→ GIVEN MATERIAL
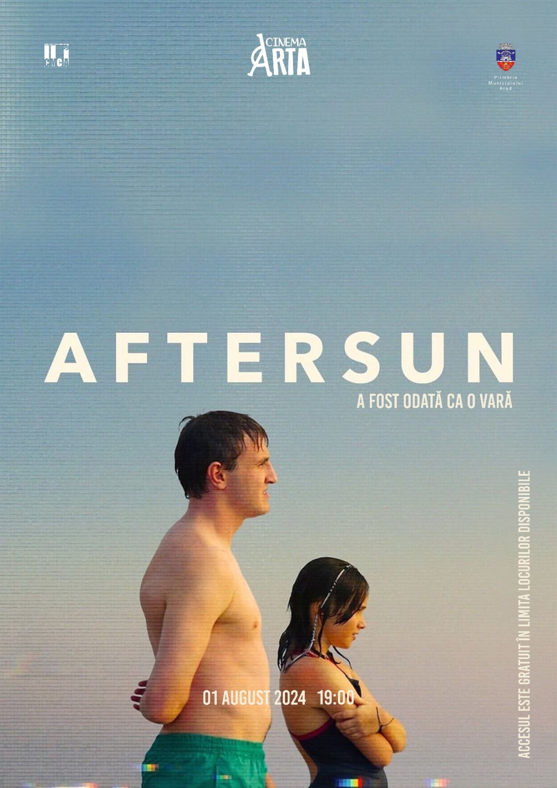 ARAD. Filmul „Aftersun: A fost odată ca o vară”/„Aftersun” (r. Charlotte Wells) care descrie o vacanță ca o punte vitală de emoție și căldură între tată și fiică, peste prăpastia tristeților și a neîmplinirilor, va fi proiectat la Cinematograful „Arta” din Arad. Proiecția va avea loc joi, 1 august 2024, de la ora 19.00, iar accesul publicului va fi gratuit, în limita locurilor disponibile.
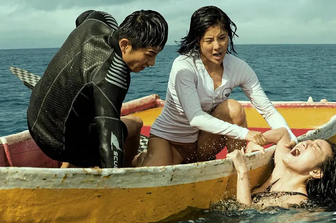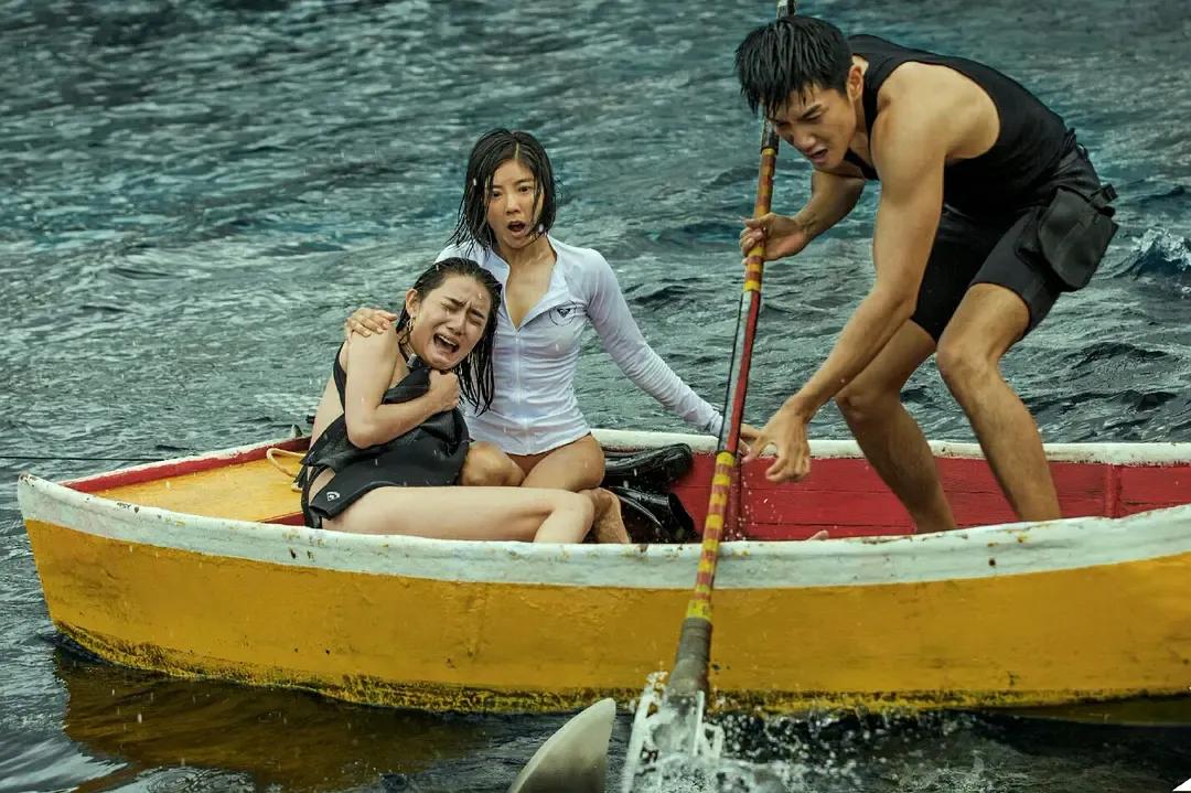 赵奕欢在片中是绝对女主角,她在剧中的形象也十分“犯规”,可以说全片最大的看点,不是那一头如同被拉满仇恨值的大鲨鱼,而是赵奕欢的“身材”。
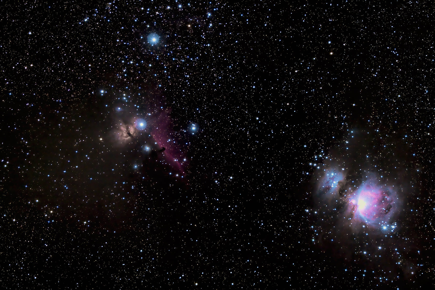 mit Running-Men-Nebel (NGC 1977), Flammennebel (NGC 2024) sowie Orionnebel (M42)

→ TASK DETAILS
None of the pictures should appear; copy the rest of the material above exactly.

→ COMPLETED TASK
 ARAD. Filmul „Aftersun: A fost odată ca o vară”/„Aftersun” (r. Charlotte Wells) care descrie o vacanță ca o punte vitală de emoție și căldură între tată și fiică, peste prăpastia tristeților și a neîmplinirilor, va fi proiectat la Cinematograful „Arta” din Arad. Proiecția va avea loc joi, 1 august 2024, de la ora 19.00, iar accesul publicului va fi gratuit, în limita locurilor disponibile.
 赵奕欢在片中是绝对女主角,她在剧中的形象也十分“犯规”,可以说全片最大的看点,不是那一头如同被拉满仇恨值的大鲨鱼,而是赵奕欢的“身材”。
 mit Running-Men-Nebel (NGC 1977), Flammennebel (NGC 2024) sowie Orionnebel (M42)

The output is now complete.